As oddly and unhip as it may sound, I am about to commit irreverence to the dark art of blasphemy. I am about to show little embrace and admiration for one of the Norma Evangelium Diaboli releases (my copy coming licensed to the North American Ajna Offensive). The Swedish Ofermod presence and stature among the underground is substantial. Their earlier demos offered a glimpse into a new cavern of extreme metal. It is beyond any doubt that the mainman Michayah Belfagor eschewed all silly “necro” style Satanic worship to be replaced with a much deeper and more personal understanding of holy chaos and dark cosmos. And yet, Ofermod’s first full-length Tiamtü, despite all of its profound lyrical mysticism, has failed to capture me musically.

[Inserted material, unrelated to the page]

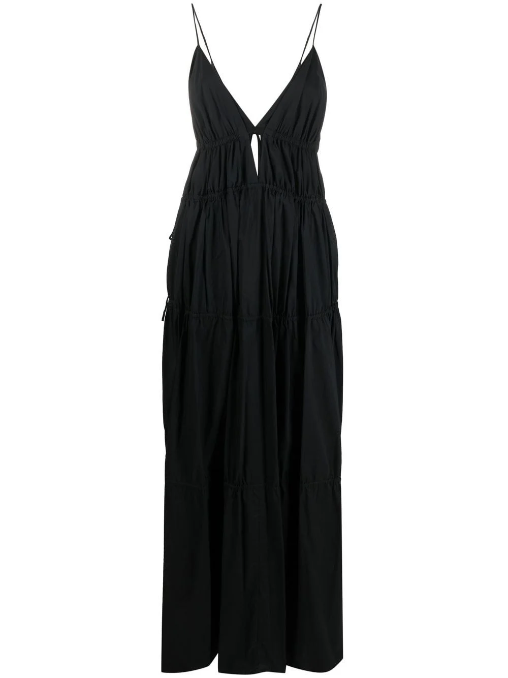 April Core cut-out maxi dress black cotton cut-out detailing plunging V-neck V-back tiered skirt spaghetti straps rear tie fastening side drawstring fastening sleeveless straight hem ankle-length Imported Composition Cotton 100% SIZE & FIT Model measurements Height 5 ft 10 in(1.77 m) Bust/Chest 29.92 in(76 cm) Hips 34.25 in(87 cm) Waist 23.62 in(60 cm) FittingInformation This piece fits true to size. We recommend you get your regular size Made with a mid-weight non-stretch fabric Washing instructions Dry Clean Only

Numerous listens through Tiamtü, I have waited to be whisked away, to be crushed by its massiveness and subdued by its worshipful nature. Alas, the feeling of delving deep, of drowning in Tiamtü completely never came. I obviously did not look for the common early Norwegian black metal traits from Ofermod. I did not seek thin buzzing bassless guitar sound and blasting speeds. The Swedes probably could execute all of the above, but their sound is purposefully not cold shivers, but a suffocating sadistic black mass instead. Unhurried riffs, grinding away methodically, bass guitar, mixed higher than usual, drums pounding away, but never taking off uncontrollably. To this musical backdrop Nebiros adds his cranky, croaking and cantankerous, almost speaking vocal manner, preaching at you, trying to penetrate your skull.

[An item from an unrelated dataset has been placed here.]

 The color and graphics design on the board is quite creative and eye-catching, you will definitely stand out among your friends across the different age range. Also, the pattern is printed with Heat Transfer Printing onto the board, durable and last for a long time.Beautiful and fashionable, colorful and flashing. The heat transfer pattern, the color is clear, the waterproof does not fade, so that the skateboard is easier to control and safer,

Where Tiamtü stunningly failed for me is that all of the above proceeded way too linearly, very little in a way of emotional spills and splashes. The album completely lacks variation and the twisted unexpected departures of Si Monumentum Requires, Circumspice. An unfair comparison? Perhaps, but isn’t Deathspell Omega, Ofermod spiritual brethren, being compared to their own masterpiece constantly? Whether it was early Ofermod which influenced Deathspell Omega, or the other way around, once a classic is created in the art, all opuses produced hereinafter would inevitably be measured by its tall shadow.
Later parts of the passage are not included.